As I look back on those years, I sometimes feel regret. Regret that I didn't try harder to be more helpful, more understanding and selfless. As a teenager, I obviously didn't know the things I know now. So, I try not to let my thoughts fill with regret. This past week I reminisced about good times, times I remember as a child. I love to be around my dad's sisters, as they remind me of him or tell me stories about him in his youth.
I know most girls think highly of their fathers. I cannot express how much I respect the man my dad was. He was such an example to me. I try very hard to possess the great qualities that he carried. He was a generous, loving, hard working, and funny man. My dad could always make us smile. I have 3 sisters - my dad never got a boy. He let us play with his hair, scrunchies, clips and all. He taught us how to do so many responsible things - chores we considered "boy chores." Such as, mow and edge the lawn, wash the cars (inside and out), take out the trash, paint the garage and so on. He also taught us how to throw a ball (not like a girl) and swing a golf club properly. My dad loved us more than anything, I know that for sure.
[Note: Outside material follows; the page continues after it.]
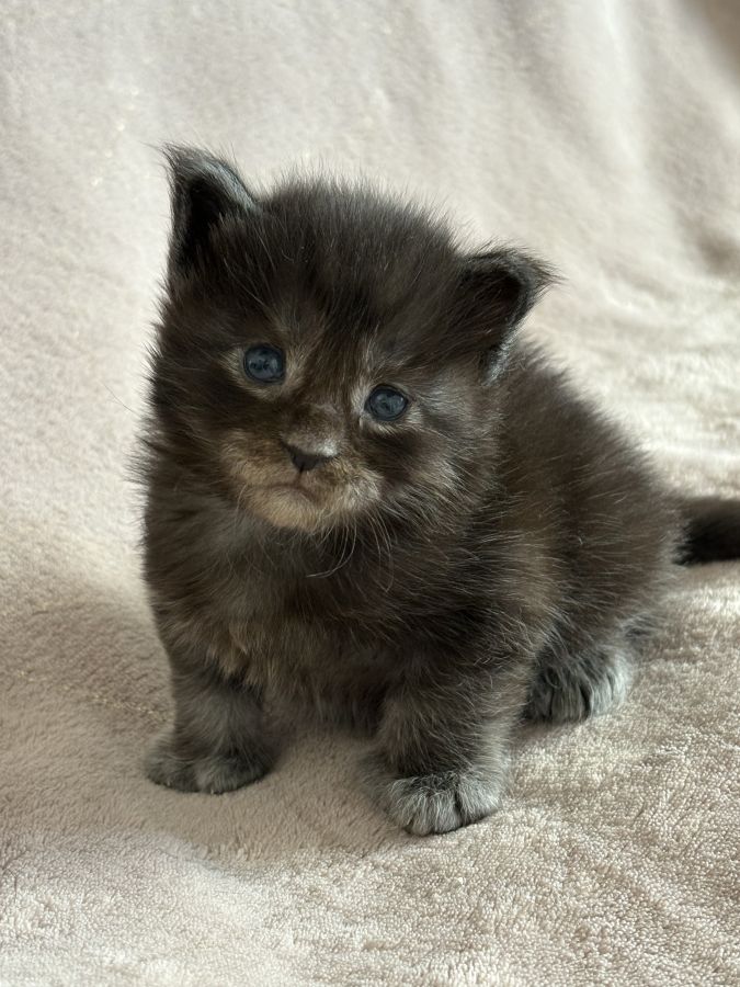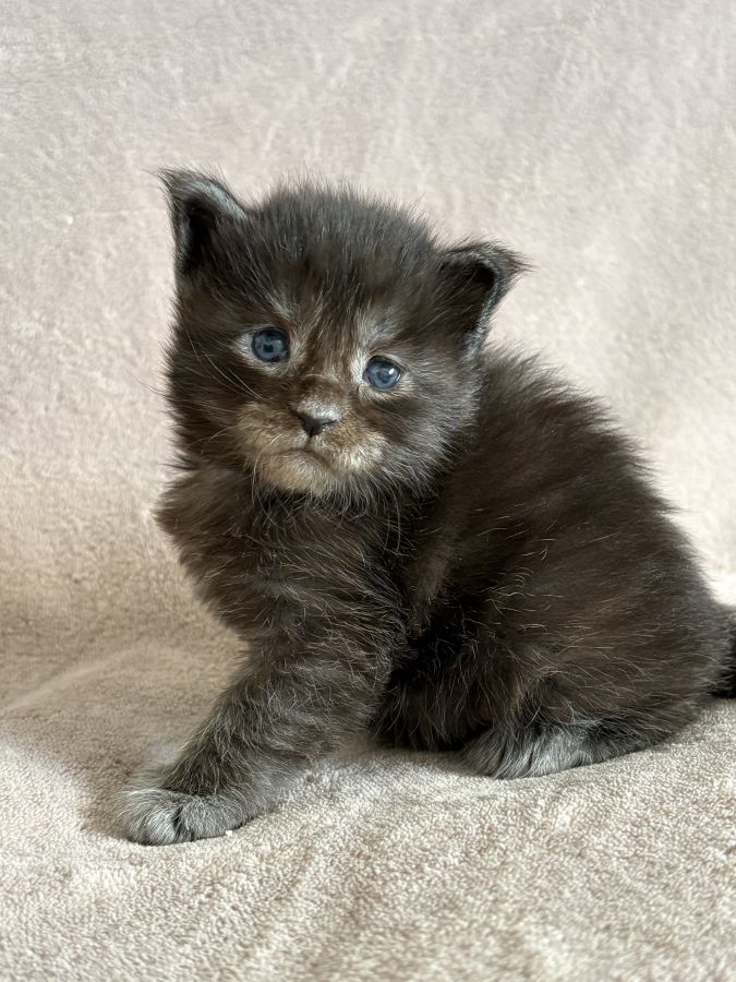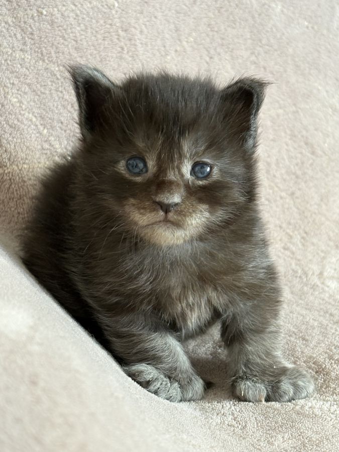 Disponible à la réservation chaton maine coon femelle née le 14/03/2026 inscrite au Loof d’une portée de 7 chatons.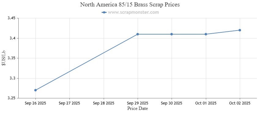 Los precios de la chatarra de latón 85/15 fueron los que más subieron. Los precios de la materia prima subieron un 4,55 % y cerraron la semana en 3,45 dólares por libra el jueves 2 de octubre de 2025. Además, los precios de las barras perforadas, el latón amarillo, los radiadores de latón, la chatarra de latón 70/30, la chatarra de latón 80/20 y el latón rojo registraron un aumento con respecto a la semana anterior.

I miss him all the time. In good times (my wedding) and bad times. During the bad times, I wish he were here to comfort me and offer fatherly advice. The thing that eases my heartache is that I know without a doubt I will see him again. I strongly believe in the power of eternal families. I know that he is waiting for us to return to heaven to be with him. This brings me comfort.
Happy Birthday Dad.
I love you.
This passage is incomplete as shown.